Glass Visions in German Architecture

Iain Boyd Whyte

Glass was a central theme in German architectural discourse in the early twentieth century, variously used as a metaphor for renewal, purity, community, primeval authenticity, and high-technology.  It stood for both the Gothic past and the machine-made future.  This lecture will follow and explicate these arguments within the broader context of the social and political history of late Wilhelmine and early Weimar Germany.  It will focus on the work of the architect Bruno Taut and his associates over the traumatic decade 1910-1920, and conclude by discussing the lasting impact of the glass fantasists on the emerging modernist design of the 1920s, typified by the pioneering glass towers of Ludwig Mies van der Rohe.

Iain Boyd Whyte is Professor of Architectural History at the University of Edinburgh.  He has written extensively on architectural modernism in Germany, Austria and the Netherlands, and on post-1945 urbanism.  His books include Bruno Taut and the Architecture of Activism (Cambridge: Cambridge University Press, 1982; paperback 2010); The Crystal Chain Letters: Architectural Fantasies by Bruno Taut and his Circle (Cambridge, Mass., MIT Press, 1985); Hendrik Petrus Berlage on Style 1886-1909 (Santa Monica: Getty Center for the History of Art and the Humanities, 1996); and Modernity and the Spirit of the City (London: Routledge, 2003). Among his more recent publications are The Man-Made Future: Planning, Education, and Design in Mid-20th Century Britain (London: Routledge, 2006); Beyond the Finite: The Sublime in Art and Science (New York: Oxford University Press, 2011, co-edited with Roald Hoffmann, Professor Emeritus of Humane Letters at Cornell University and Nobel Prize laureate for Chemistry in 1981); and Metropolis Berlin: 1880-1940 (Berkeley: University of California Press, 2012). 

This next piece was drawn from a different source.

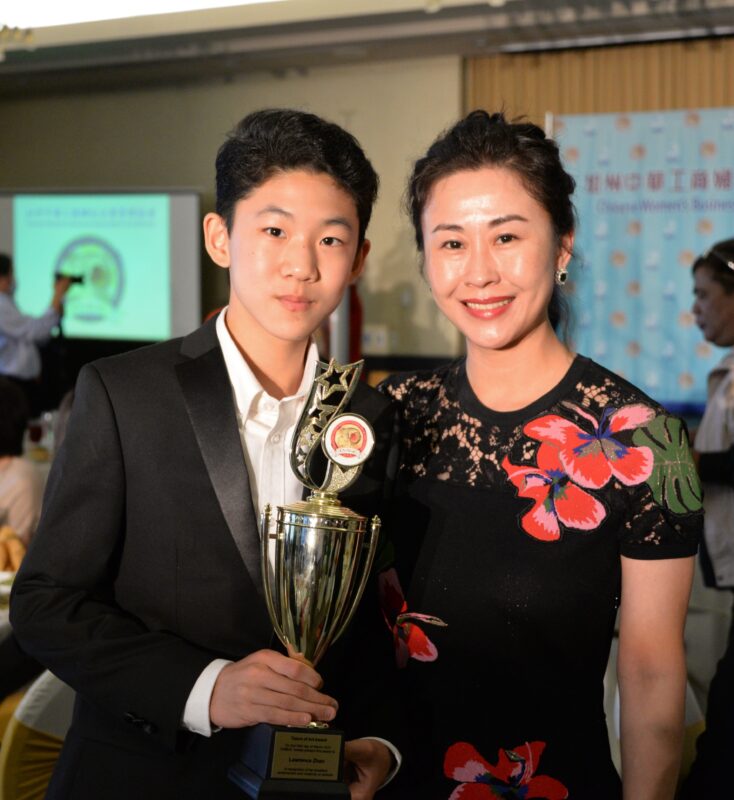 11岁的赵震骐( Lawrence Zhao )获得艺术人才奖和妈妈萌萌合影

Beyond architecture, he has written on aesthetics, twentieth-century German art, and Anglo-German literary relations.  Active over many years as a translator, he launched the e-journal Art in Translation (London: Routledge) in 2009.  A former fellow of the Alexander von Humboldt-Stiftung and a Getty Scholar, he was co-curator of the Council of Europe exhibition Art and Power, shown in London, Barcelona and Berlin in 1996/97. He has served as a Trustee of the National Galleries of Scotland, is a Fellow of the Royal Society of Edinburgh, and a former chair of RIHA, the International Association of Research Institutes in the History of Art.  In 2015-2016 he was Samuel H. Kress Professor at the Centre for Advanced Study in the Visual Arts, National Gallery of Art, Washington, DC.